I knew that I didn’t want an algorithm to design layouts and draw illustrations “so I don’t have to,” but prior to this email, I never even pondered whether I wanted AI to call me up on behalf of people in my life. It had simply not occurred to me—and now that it has occurred to me, I definitely do not want small talk and relationships outsourced to server farms. This stuff shouldn’t feel hard or taxing; it’s what our presence here on Earth is mostly made up of. The effort, the clumsiness, and the time invested are where humanity is stored.

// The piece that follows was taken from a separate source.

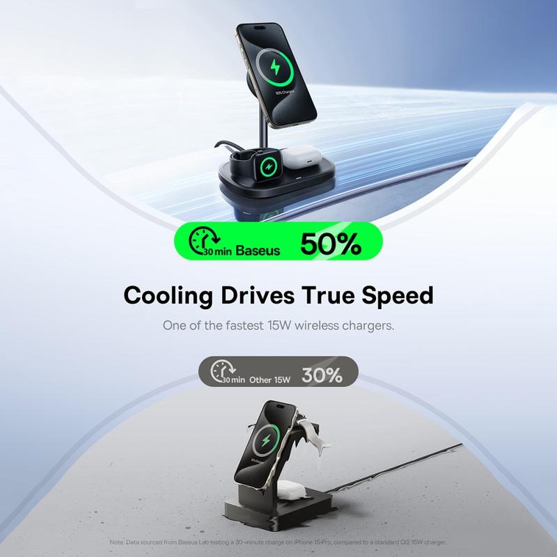 Upgrade to the BASEUS Enerfill FS41 3-in-1 TEC Cooling Magnetic Wireless Charging Stand and enjoy next-level charging convenience every day.
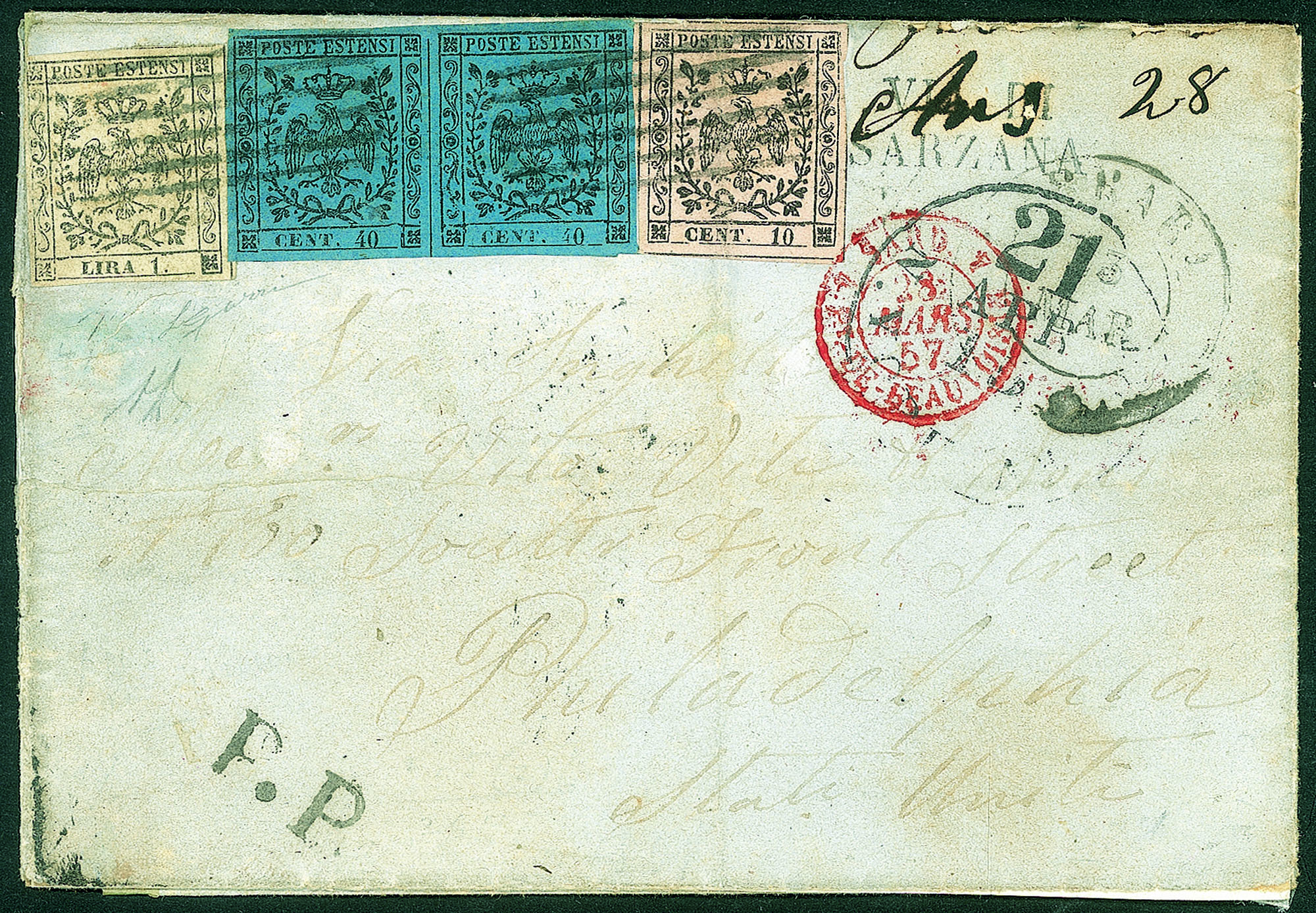 Antichi Stati Italiani - Modena - Tricolore composta da 10 cent + coppia del 40 cent + 1 lira (2 + 6 + 11)

I don't know why my friend sent this the way they did. Perhaps they did in fact just want to test it out. (It didn't feel great to be tested on.) Maybe they thought this was just the new normal. Maybe it's my fault for being known as a Tech Guy. Surely I'd love it!
The AI email didn’t capture my friend’s tone or mannerisms—I imagine the LLM they used had nothing to go off of but a brief prompt. The AI did, however, try to sound like someone. It was folksy and upbeat, talky and pretend-excited (a computer can’t be really excited). It referred to itself using the human word “I,” as in “I was also wondering about…” It thought it was people.
Years from now, could an AI that was trained on all of my friend’s emails and texts and personal documents sound convincingly like them? Could it be so advanced that I wouldn’t even be able to tell that my friend hadn’t written to me at all? Possibly. And that idea saddens me the most.